*TRY IT*:
Somewhere below is a line with "USR-TCP232-304 工作方式UDP 目标IP" and, later, a line with "Premium quality winter"; repeat those two lines and all the lines between them, exactly as they are.

*THE INPUT*:
····················

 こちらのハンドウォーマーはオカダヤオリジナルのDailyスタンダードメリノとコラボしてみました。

····················

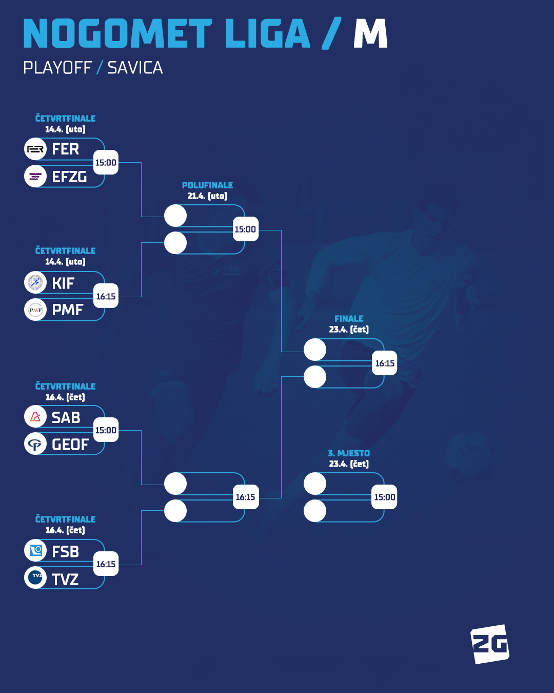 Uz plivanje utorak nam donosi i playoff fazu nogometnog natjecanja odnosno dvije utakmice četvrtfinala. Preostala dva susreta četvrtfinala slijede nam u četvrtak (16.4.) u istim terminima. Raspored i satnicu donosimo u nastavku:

····················

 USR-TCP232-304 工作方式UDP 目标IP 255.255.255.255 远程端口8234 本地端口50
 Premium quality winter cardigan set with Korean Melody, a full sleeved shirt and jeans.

····················

*REPLY TO THE TASK*:
 USR-TCP232-304 工作方式UDP 目标IP 255.255.255.255 远程端口8234 本地端口50
 Premium quality winter cardigan set with Korean Melody, a full sleeved shirt and jeans.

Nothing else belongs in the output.